The first confirmed case in Indonesia was also a cluster. The index case was initially diagnosed as having bacterial pneumonia. When she was finally tested for H5N1, her tittered had already risen to 64, as confirmed by the CDC and Hong Kong. A seconad sample, collected three days later had an even higher titer, 128, but since the titer wasn’t four fold higher than the initially collection, which should have been collected on admission, the case was not confirmed. Her sister subsequently developed symptoms and died, but was never tested. Her father was PCR confirmed and the isolated H5N1 is the current vaccine target for clade 2.1.

Clusters are common in Indonesia, and all initial confirmations were from clusters. The Tangerang cluster above was followed by a cluster involving an index case and her nephew. The aunt died and H5N1 was isolated, but her nephew’s case was mild. H5N1 was detected because he was among contacts tested, but H5N1 wasn’t isolated. That cluster was followed by a mild cluster on Sumatra, but virus was not isolated from any of the confirmed cases, and most were confirmed by antibody level. These three clsuters were also reported in the New England Journal of Medicine.

Subsequent reported cases from Indonesia had a higher case fatality rate. On Sumatra in 2006 six of seven members of the Karo cluster died. That cluster involved the index case infecting five family members including a brother who infected his son. That H2H2H cluster was easily identified, but no sample was collected from the index case.

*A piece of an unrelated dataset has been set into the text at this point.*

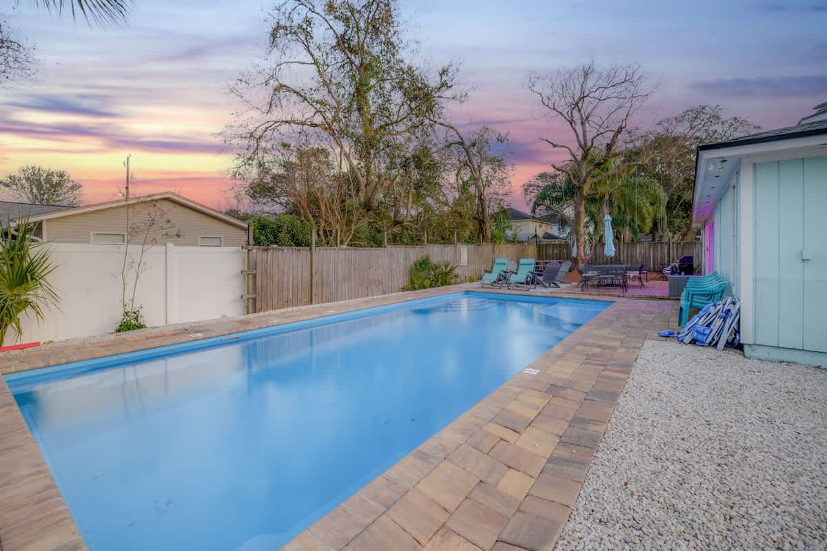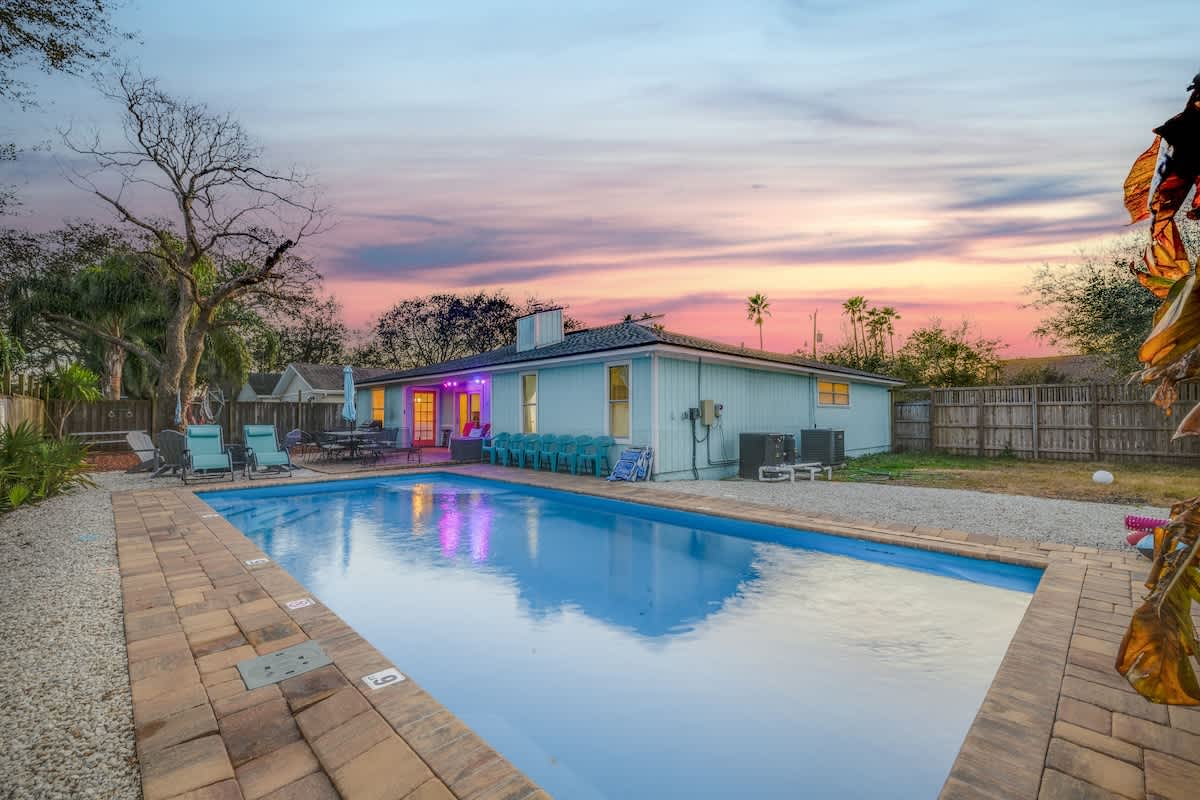 Welcome to The Salty Palm, a newly remodeled 4-bedroom home with a Large, Heated Saltwater Pool (brand new 2023). Situated in a quiet residential neighborhood just minutes away from dining, shopping, Mayo Clinic and the pristine Beaches and Atlantic Ocean.

An even larger cluster was a Garut the following year. Three independent clusters were identified with an H5N1 confirmed case in each cluster. However, none of the index cases fro the three clusters were tested and all died. Subsequent contacts developed symptoms and were hospitalized, but use of a Tamiflu blanket lowered viral loads and all symptomatic contacts tested negative.

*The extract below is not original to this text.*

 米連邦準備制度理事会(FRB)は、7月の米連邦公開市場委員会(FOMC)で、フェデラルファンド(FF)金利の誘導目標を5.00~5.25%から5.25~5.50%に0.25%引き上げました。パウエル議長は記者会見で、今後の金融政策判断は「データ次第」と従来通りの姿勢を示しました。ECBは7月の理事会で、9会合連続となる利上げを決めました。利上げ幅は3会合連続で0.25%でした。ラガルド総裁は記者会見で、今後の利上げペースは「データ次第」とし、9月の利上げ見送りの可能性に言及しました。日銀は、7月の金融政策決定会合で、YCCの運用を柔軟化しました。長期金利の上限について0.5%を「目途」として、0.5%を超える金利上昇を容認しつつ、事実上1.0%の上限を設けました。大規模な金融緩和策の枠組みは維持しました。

More recently, Indonesia has ignored obvious misdiagnosis in cluster members, even after H5N1 has been confirmed. A series of such clusters involving fatal infections in index cases as lung inflammation, dengue fever, and typhus preceded the news blackout and reporting delays fro H5N1 cases.

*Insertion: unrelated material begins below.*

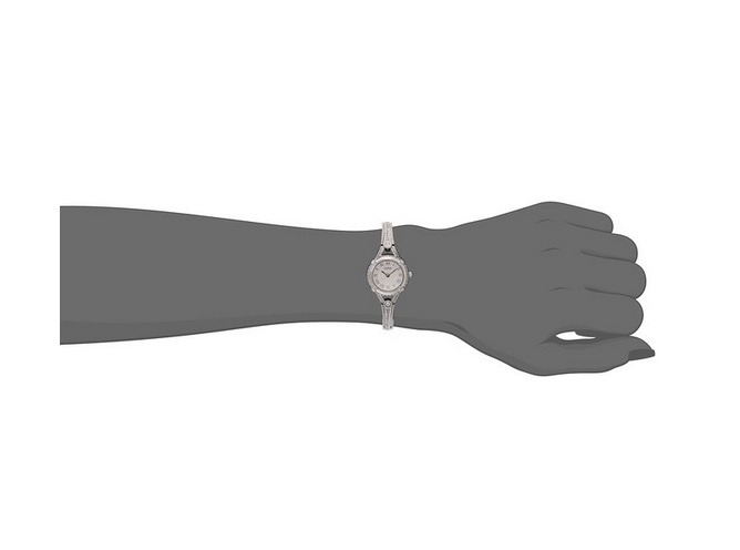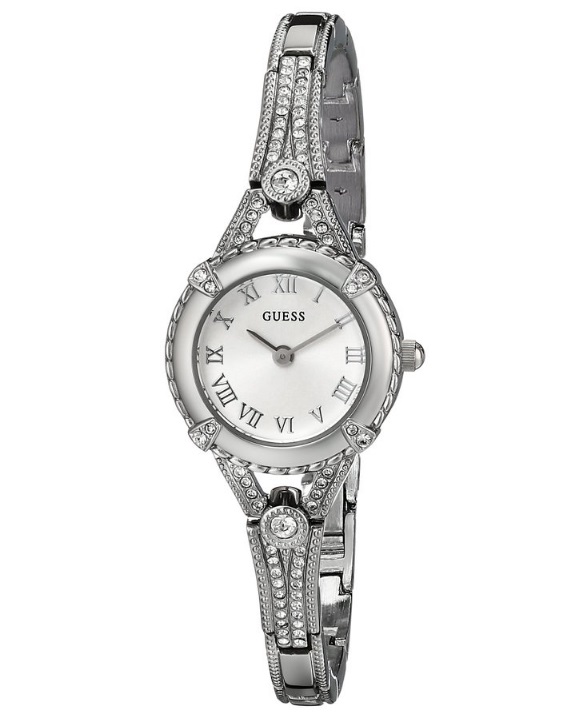 盖尔斯GUESS Women's U0135L1 Petite Vintage-Inspired Embellished Silver-Tone Watch水晶镶嵌造型女士石英手表,GUESS的这一款女式时尚手表,表壳直径22毫米,厚度6毫米,舒适美观,比较纤细,完全可以当作一款手镯来佩戴。不锈钢制成的银色表带搭配银色表盘,表带和表盘都镶有钻石点缀,手镯式的表带设计,既有实用性又有装饰性,矿物玻璃表镜简洁流畅。希腊数字显示12个刻度,中间GUESS的标志显得更有金属质感以及配有一定的质量保证,防水10米。无论是出席正式场合还是休闲佩戴,都能帮助显现女性独特的时尚高贵气质和不凡的眼光。

False negatives have also been generated by degraded samples. In Turkey, almost all 21 cases confirmed locally were in clusters, but only 12 were confirmed in England. Similarly, only one of the cluster members in Pakistan tested positive by PCR, but four were subsequently confirmed by antibody increases.

Thus, the number of negatives due to failures to collect or preserve samples or limits in testing procedures, coupled with misdiagnosis has led to a gross undercount of official clusters.

However, recent clusters such as those in Hunan and Vietnam have clear evidence of human to human transmission, even though the samples from the index cases were not collected.

These H2H clusters are further supported by the explosion of confirmed cases in China (see updated map), which are causes of increased concern.